The UnitTestToInvokePrivateMethodsClass uses the reflection methods getDeclaredMethod and getDeclaredField to access private methods and fields in our unit test class.

package com.testing.timepass

import com.timepasstechies.blog.testing.{
ClassToTestWithPrivateMethod,
SparkSampleData,
SparkSupportMixin
}
import org.apache.spark.sql.DataFrame
import org.scalatest.{FeatureSpec, GivenWhenThen}

class UnitTestToInvokePrivateMethodsClass
extends FeatureSpec
with GivenWhenThen
with SparkSupportMixin {

val classToTest = new ClassToTestWithPrivateMethod
val privateField = classToTest.getClass.getDeclaredField("privateField")
privateField.setAccessible(true)
privateField.set(
classToTest,
"calling private field and setting a new string value"
)

val privateMethod = classToTest.getClass
.getDeclaredMethod(
"privateMethod",
classOf[DataFrame],
classOf[String],
classOf[String]
)
privateMethod.setAccessible(true)
val sparkDataLoader = new SparkSampleData
val updatedDataframe = privateMethod
.invoke(
classToTest,
sparkDataLoader.getSampleDataFrame(sparkSession = sparkSession),
"new_column_to_add",
"value for newly added column"
)
.asInstanceOf[DataFrame]

assert(updatedDataframe.columns.contains("new_column_to_add"))

}
Create UnitTestToInvokePrivateMethodsObject

The UnitTestToInvokePrivateMethodsObject uses the reflection methods getDeclaredMethod and getDeclaredField to access private methods and fields in our unit test object.

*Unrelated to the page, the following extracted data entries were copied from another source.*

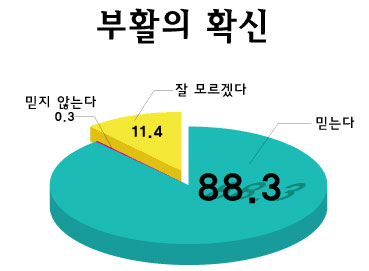 한국의 크리스찬 N세대들은 대체적으로(88.3%) 예수그리스도의 부활에 대해 의심하지 않았다. 하지만 12%에 이르는 크리스찬 N세대들은 아직도 부활에 대 한 믿음이 부족한 것으로 나타났다. 부활을 믿지 않는다는 것은 곧 구원에 …
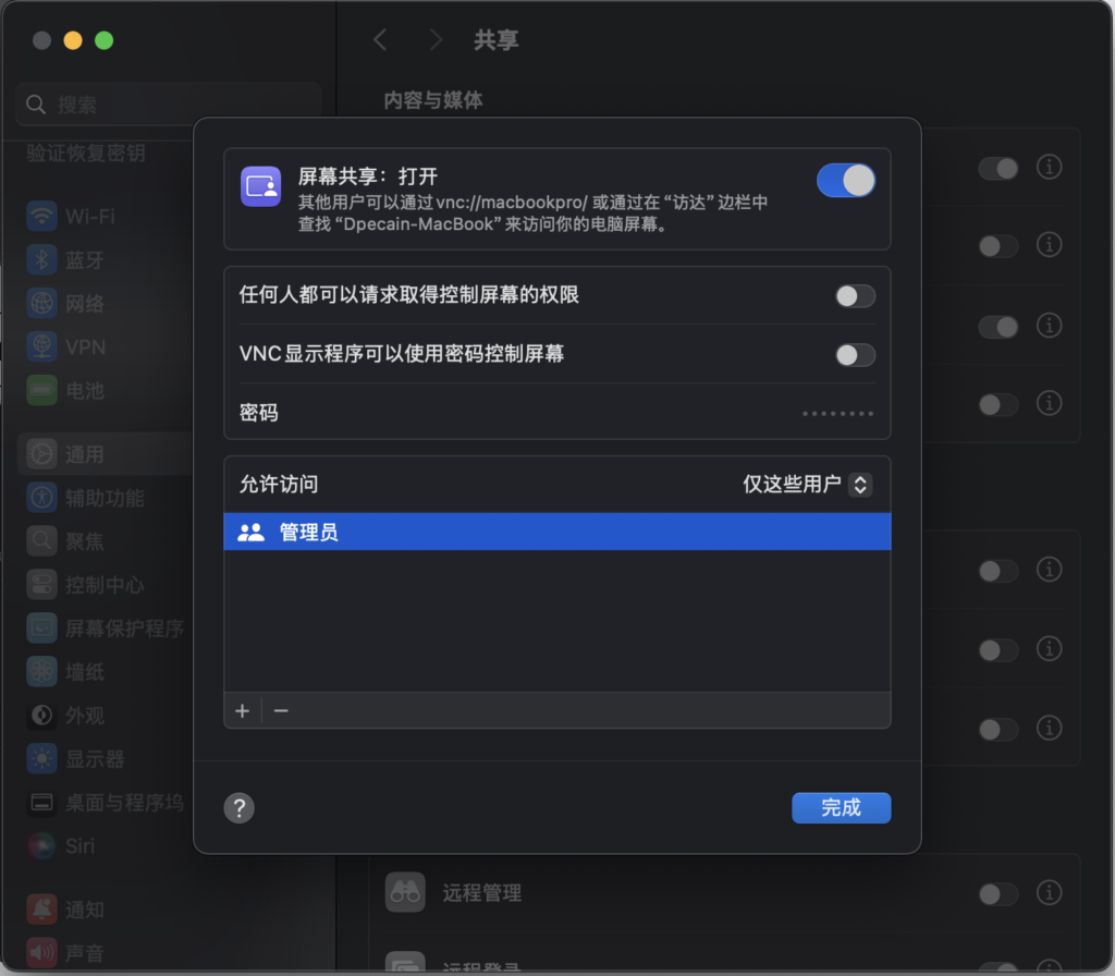 Posted in知识 Windows 11 远程 Mac 15(Sequoia) Posted by By dpecain 2025年4月2日 一、Mac设置 进入设置 – 通用 – 共享 打开屏幕共享 – 根据需求添加允许访问用户 二、Windows设置 登录、下载、安装RealVNC 新建连接 -> 输入Mac IP同一局域网 -> Mac账号密码非Apple ID dpecain View All Posts Post navigation Previous Post Mac 快捷键Next Postamd、amd64、arm、arm64区别
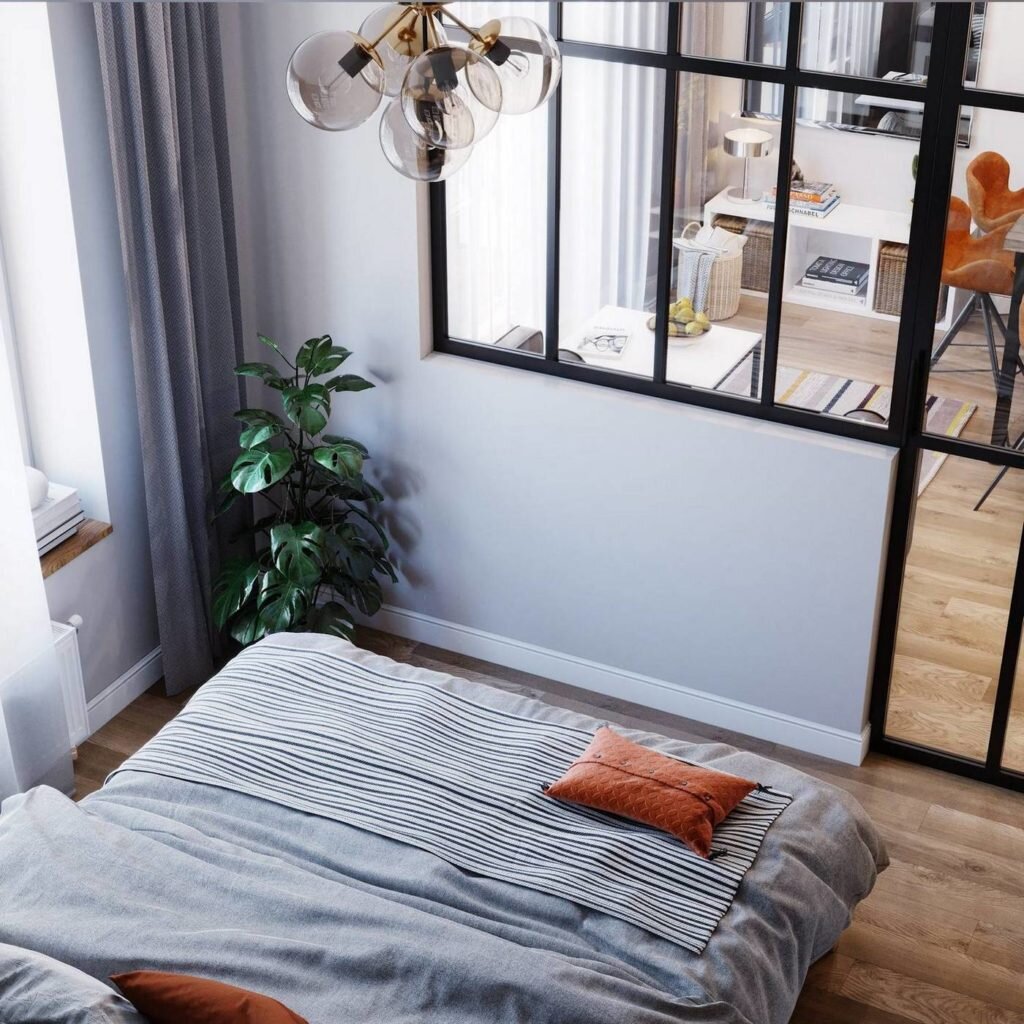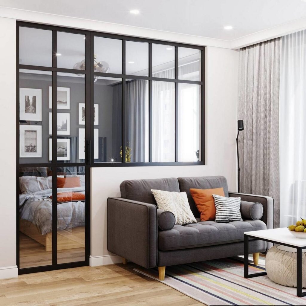 Спальня почти полностью отделена от гостиной застекленной перегородкой с металлическим каркасом, так что в нижней части стены можно разместить небольшой диван.Стеклянные поверхности с черным профилем отлично дополняют не только интерьер спальни, но и зоны мини- гостиной.

It has few differences compared to calling a class with private methods and fields.

package com.testing.timepass

import com.timepasstechies.blog.testing.{
ObjectToTestWithPrivateMethod,
SparkSampleData,
SparkSupportMixin
}
import org.apache.spark.sql.DataFrame
import org.scalatest.{FeatureSpec, GivenWhenThen}

class UnitTestToInvokePrivateMethodsObject
extends FeatureSpec
with GivenWhenThen
with SparkSupportMixin {

val privateField =
ObjectToTestWithPrivateMethod.getClass.getDeclaredField("privateField")
privateField.setAccessible(true)
privateField.set(
ObjectToTestWithPrivateMethod,
"calling private field and setting a new string value"
)

val privateMethod =
com.timepasstechies.blog.testing.ObjectToTestWithPrivateMethod.getClass
.getDeclaredMethod(
"privateMethod",
classOf[DataFrame],
classOf[String],
classOf[String]
)
privateMethod.setAccessible(true)
val sparkDataLoader = new SparkSampleData
val updatedDataframe = privateMethod
.invoke(
com.timepasstechies.blog.testing.ObjectToTestWithPrivateMethod,
sparkDataLoader.getSampleDataFrame(sparkSession = sparkSession),
"new_column_to_add",
"value for newly added column"
)
.asInstanceOf[DataFrame]

assert(updatedDataframe.columns.contains("new_column_to_add"))

}

Summary

Congratulations! You have learned how to build a simple unit test with Spark support to test scala class and objects with private methods and fields. The PrivateMethodTester from the scala test is a cleaner approach if we just want to test private methods whereas the traditional reflection approach is more flexible which can cater to both private methods and fields.